Ford and BMW Investing in New Ways to Charge Electric Cars

BMW streetlight car charging

The biggest problems that the electric car movement is facing are (as always) both financial and technological. Firstly, the cars themselves need to drop significantly in price before they are even considered to be viable for the everyday consumer. The battery packs also need to see a substantial reduction in price. Though, this is also mainly technical, too, as the resources are not yet there to produce long-lasting and financially viable battery packs to rent or buy. Another problem is the lack of charging stations.

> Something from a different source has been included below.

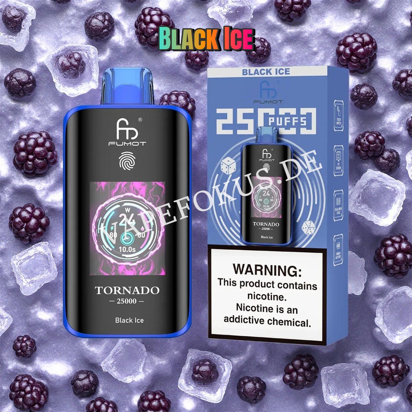 „Black Ice“: Bezeichnet meist Blackberry Ice. Das einzigartige, intensive Fruchtaroma von Brombeeren, kombiniert mit einem eisigen Gefühl, ergibt einen kühlen und geheimnisvollen Geschmack, der nicht nur Fruchtigkeit, sondern auch ein ausgesprochen erfrischendes Erlebnis bietet.

It seems that rather than looking into groundbreaking, revolutionary new innovations to supply necessary charge to our electric and hybrid cars, a simple and sustainable solution has been hanging above our heads for quite some time. BMW is the first among what will surely be many major car makers who are starting to make use of streetlights for electric car charging..

 

Using Streetlights for Electric Car Charging

Streetlights have long been a part of our everyday lives, a simple piece of ingenuity that has safeguarded our streets and helped drivers find their way on the darkest and foggiest of nights. The first record of street lighting was back in the 4th century in Antioch, Turkey and the logic behind street lighting is still the same today.

Street lighting also carries a safety aspect. Car owners leave their cars under streetlights because it significantly cuts the chance of their car either being vandalized or broken into.

So, what if we could leave our car somewhere that’s both safe, and with the piece of mind that we’d be coming back to a fully charged car the next morning.

BMW has already produced two of the “Light and Charge” streetlight stations which have been placed outside their headquarters in Munich, where they will run as a pilot program to ensure the concept works before they ultimately expand the program, providing everything goes well. Reuters reports that Munich should see the “Light and Charge” pop up hopefully as soon as next year.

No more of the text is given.